Folger Shakespeare Library
  
       
Stage and Screen Education and Inspiration The American Identity

THE AMERICAN IDENTITY

 

The Problem of Circular Reasoning

The Problem of Circular Reasoning
Benjamin Reiss, associate professor of English, Emory University
(associate professor of English at Tulane University at the time of this interview)


BENJAMIN REISS: The asylum superintendents had a real problem on their hands, and that was that they were claiming that Shakespeare licensed all of their theories of mental illness and even almost all of the practices of treating people in asylums—that he had predicted them. And the question that they had was, Why has nobody noticed this before? Why is it suddenly we who understand what Shakespeare intended in his treatment of mad characters?
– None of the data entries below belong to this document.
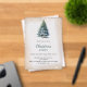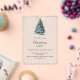 A winter invitations for a Christmas party. A frosted background on the front decorated with a watercolored hand-drawn pine tree with snow and faux sparkling glitter. Personalize and add your party details.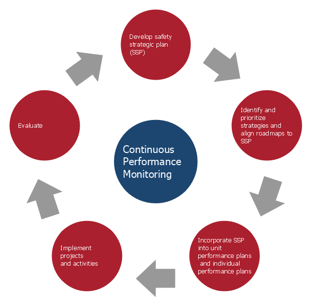 This arrow loop diagram sample was created on the base of the figure illustrating the webpage "Safe Roads for a Safer Future A Joint Safety Strategic Plan" from the website of US Department of Transportation - Federal Highway Administration (FHWA) Office of Safety. "STRATEGIC PLANNING CYCLE. After the safety units issue the SSP, they will identify and prioritize strategies to support the established goals. Many strategies will originate in existing roadmaps or in other program planning activities. The safety units will also use this information when developing their Unit Performance Plans and individual performance plans. Teams within each safety unit will carry out projects and activities to support identified strategies and achieve the SSP goals. The SSP process also includes continuous performance monitoring and evaluation through which the safety units will review past accomplishments against the established goals, consider how well strategies are implemented, assess progress toward goals, identify risks, consider changes in the environment, and discuss future strategic direction. As a part of the evaluation process, the three safety units will recognize achievements and discuss the need for adjustments. Figure ... shows the strategic planning cycle. The safety units will update the SSP every 3 to 5 years using input from a variety of sources, including evaluations, safety trends, and legislative changes." [safety.fhwa.dot.gov/ssp/] The arrow loop diagram example "Strategic planning cycle" was created using the ConceptDraw PRO diagramming and vector drawing software extended with the Target and Circular Diagrams solution from the Marketing area of ConceptDraw Solution Park. www.conceptdraw.com/solution-park/marketing-target-and-circular-diagrams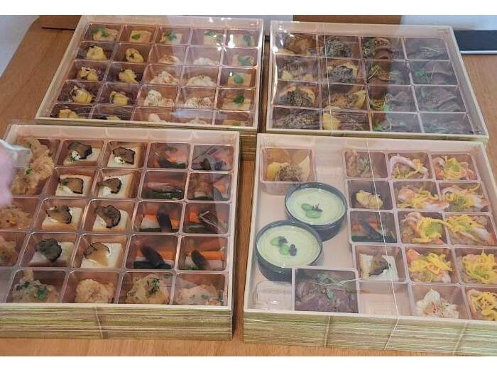 庭園散歩のあとの軽食で、折詰になったケータリングに皆さん感動し、声が上がりました。年配の方が多かったので量もちょうどよく、味も濃すぎず、今回のイベントにはもってこいでした。中身もくずれていたりすることがなく、準備が大変楽なので、また利用させていただきたいと思います。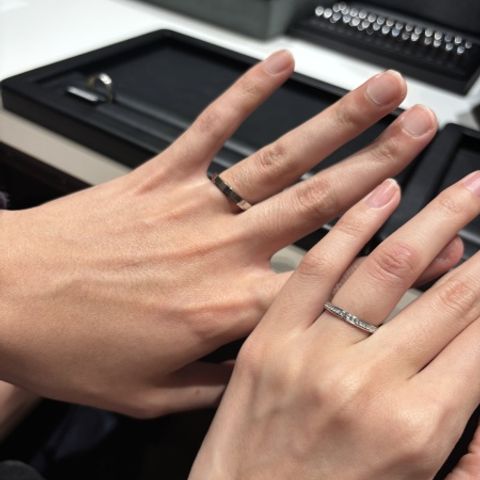 シンプルなデザイン、形、着け心地、色とすべてにこだわり、なるべく相手の指輪のデザイン似た感じなるように選びました。その中でも色はこだわり、最初違う色にしようとしていましたが、指輪の太さで色の印象が全く変わり今の色に決めました。
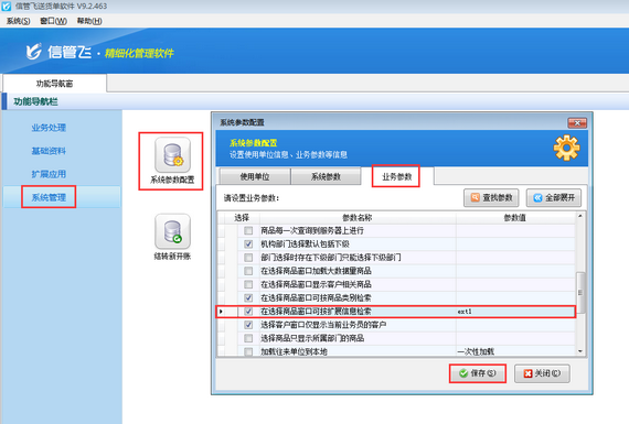 在功能導(dǎo)航窗點(diǎn)擊“系統(tǒng)管理”—》“系統(tǒng)參數(shù)設(shè)置”—》“業(yè)務(wù)參數(shù)”可以進(jìn)入到“業(yè)務(wù)參數(shù)”配置界面,在數(shù)據(jù)選擇參數(shù)內(nèi)打勾啟用“在選擇商品窗口可按擴(kuò)展信息檢索”參數(shù),并設(shè)置參數(shù)值(擴(kuò)展信息字段名),默認(rèn)為“ext1(擴(kuò)展信息1)”,如下圖所示。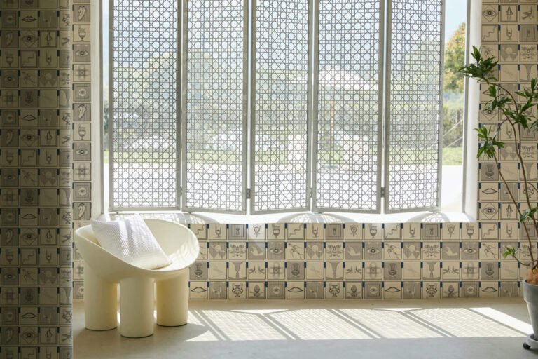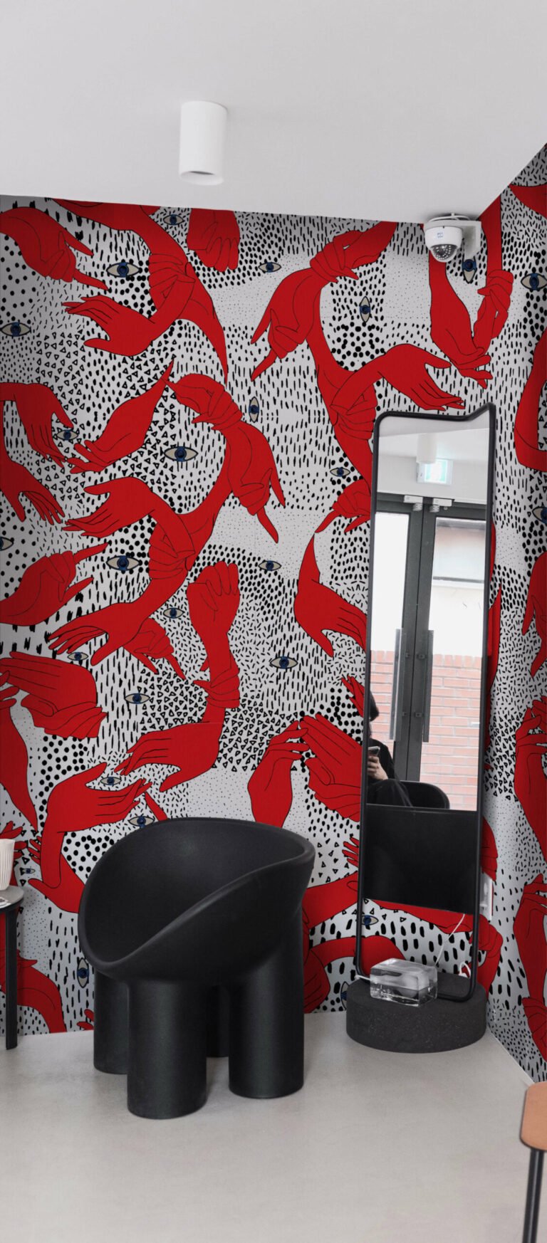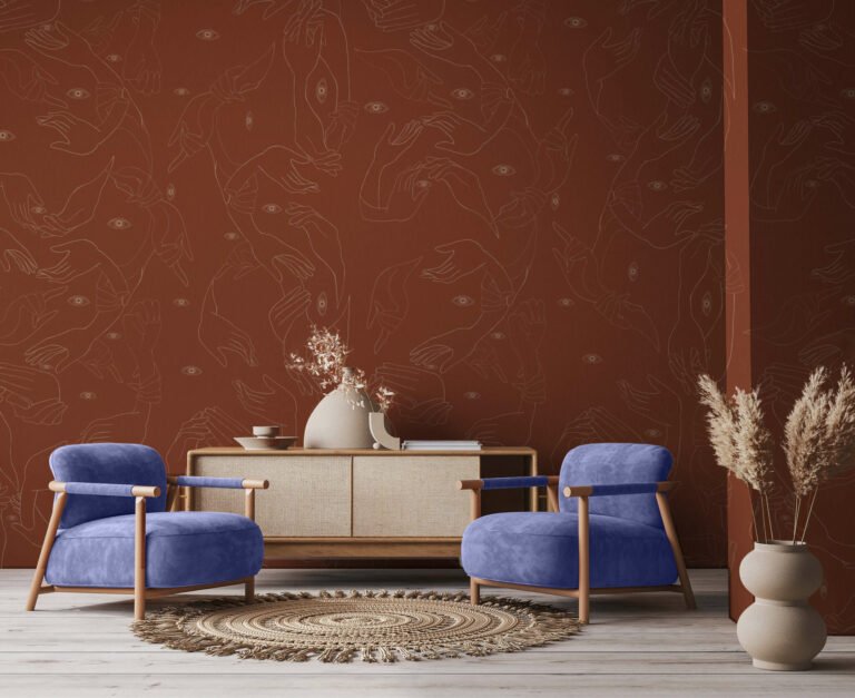 In questa variante Écru della carta da parati Uno, Nessuno, disegnata da Marika Tardio per MaVoix, l’equilibrio tra forma e assenza trova il suo spazio più contemplativo. Il pattern si riduce all’essenziale: un intreccio continuo di mani e occhi sospesi, tracciati solo in bianco latte, su uno sfondo ecru caldo, simile al colore del cotone grezzo, naturale, mai invadente.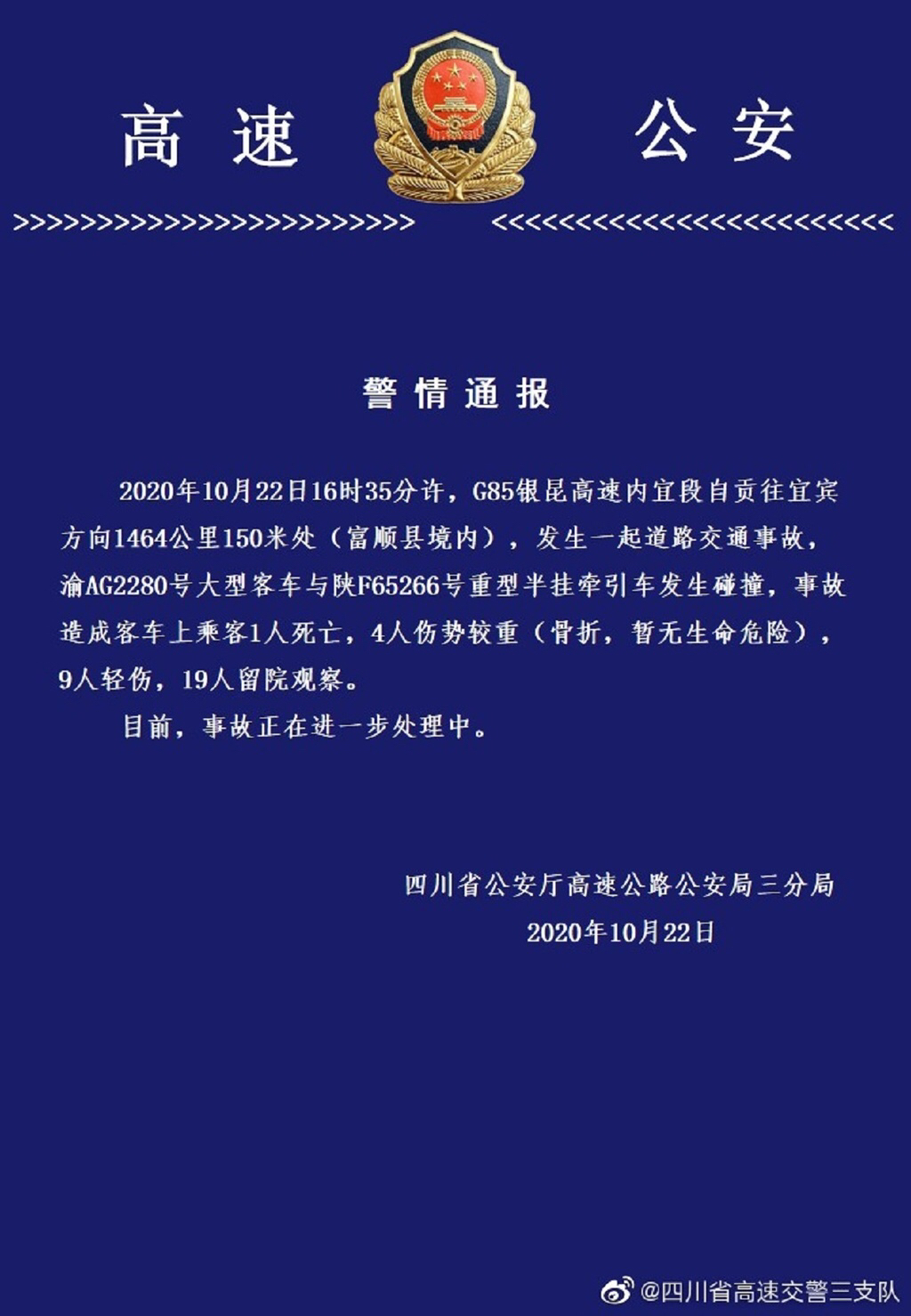 10月22日晚,四川省公安厅高速公路公安局三分局发布警情通报:10月22日16时35分许,G85银昆高速内宜段自贡往宜宾方向1464公里150米处(富顺县境内),发生一起道路交通事故,渝AG2280号大型客车与陕F65266号重型半挂牵引车发生碰撞,事故造成客车上乘客1人死亡,4人伤势较重(骨折,暂无生命危险),9人轻伤,19人留院观察。目前,事故正在进一步处理中。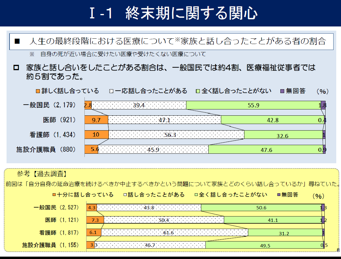 - 人生の最終段階における医療について家族と話し合ったことのある者の割合(厚生労働省、人生の最終段階における医療に関する意識調査――集計結果の概要、2008年)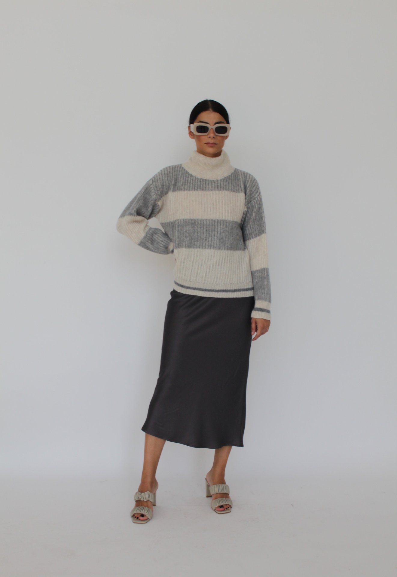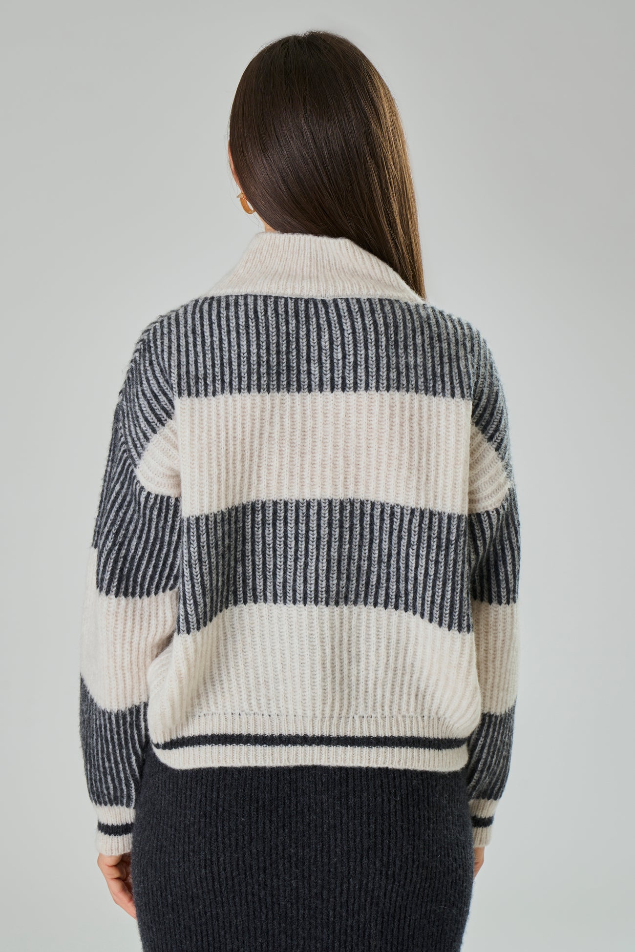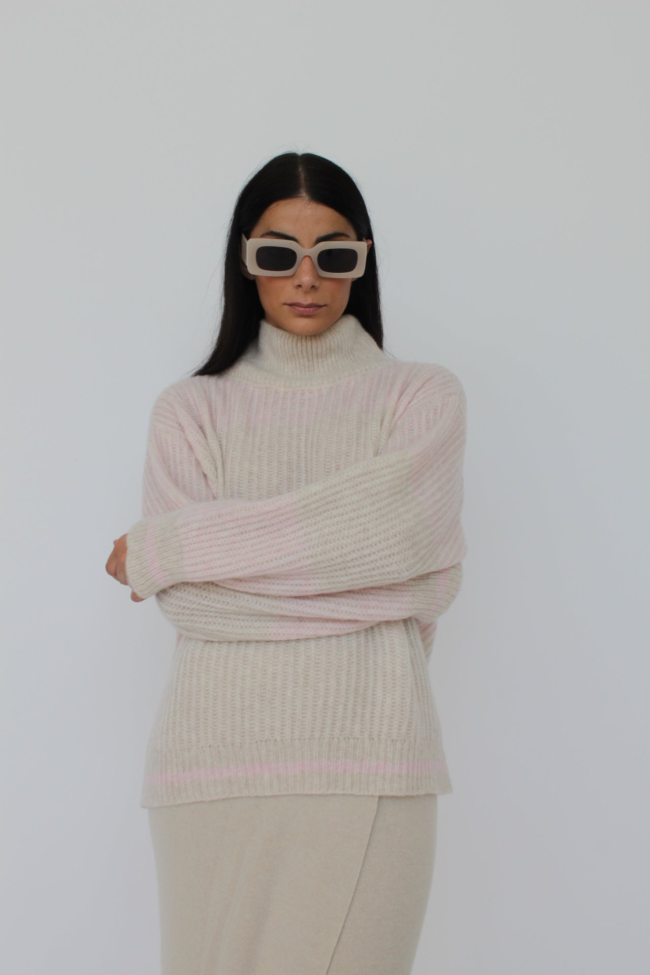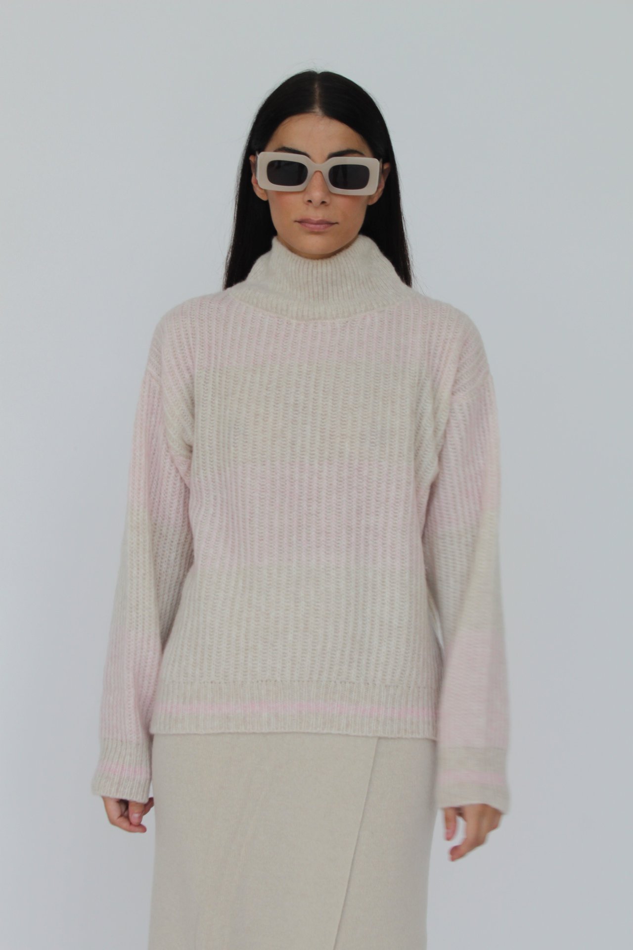 Loose turtleneck sweater with two-tone vanisé banded workmanship with flounce on the bottom and cuffs.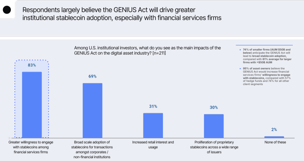 稳定币与代币化资产方面,85% 的受访者表示已使用或计划将稳定币用于支付及财务管理,83% 认为《GENIUS 法案》的通过将提升金融机构参与稳定币的意愿。此外,63% 的受访者对代币化资产持有兴趣,61% 预期代币化将对市场结构产生重大影响。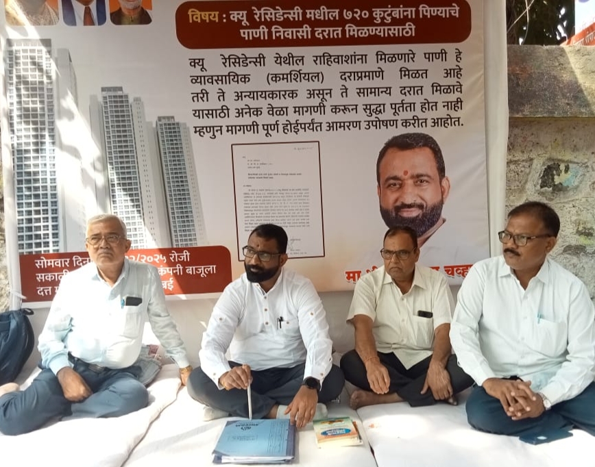 उपोषणस्थळी सोसायटीतील रहिवाशांसह विविध सामाजिक संस्था, स्थानिक नागरिक आणि समर्थक मोठ्या संख्येने उपस्थित होते. “निवासी दर लागू करा” आणि “आर्थिक शोषण बंद करा” अशा घोषणांनी परिसर दुमदुमून निघाला.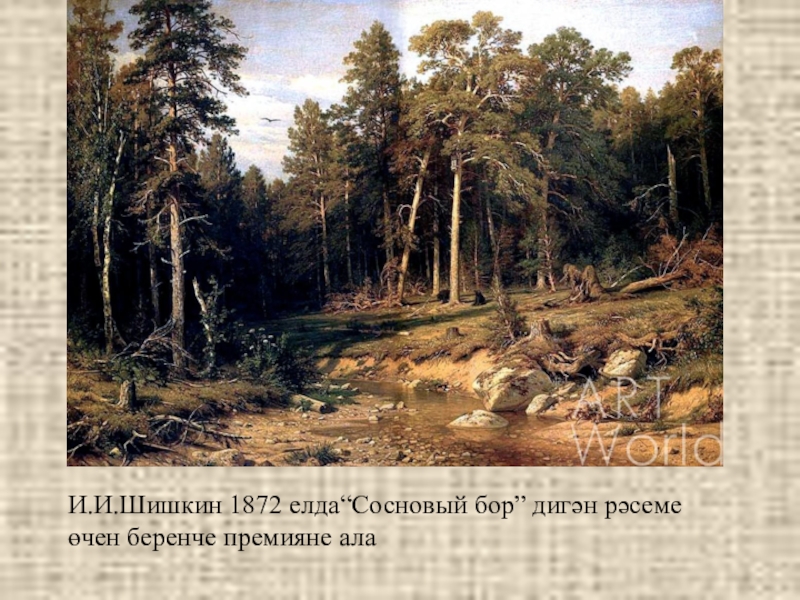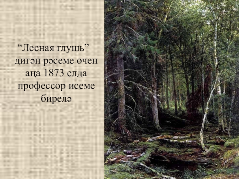 Слайд 10 “Лесная глушь” дигән рәсеме өчен аңа 1873 елда профессор исеме

And the explanations that they gave were typically quite contorted. The reason that nobody in Shakespeare's day understood him was that there wasn't an adequate scientific basis to really understand his plays. In other words, Shakespeare had this sort of pre-vision of ultramodern science and medicine that leapt out of the early modern period and placed him smack in the middle of the nineteenth century in terms of his being up to date with scientific progress. And so nobody during his own day or even in the intervening centuries could really have been expected to get him right, because the science simply wasn't good enough. So science was what allowed them to see him correctly, but strangely enough, he was the one who validated the science.

So there was this sort of feedback loop of reinforcing legitimation. Shakespeare validates the psychiatrists, the psychiatrists validate Shakespeare, and once you've established that, there's no possibility that anybody could be wrong.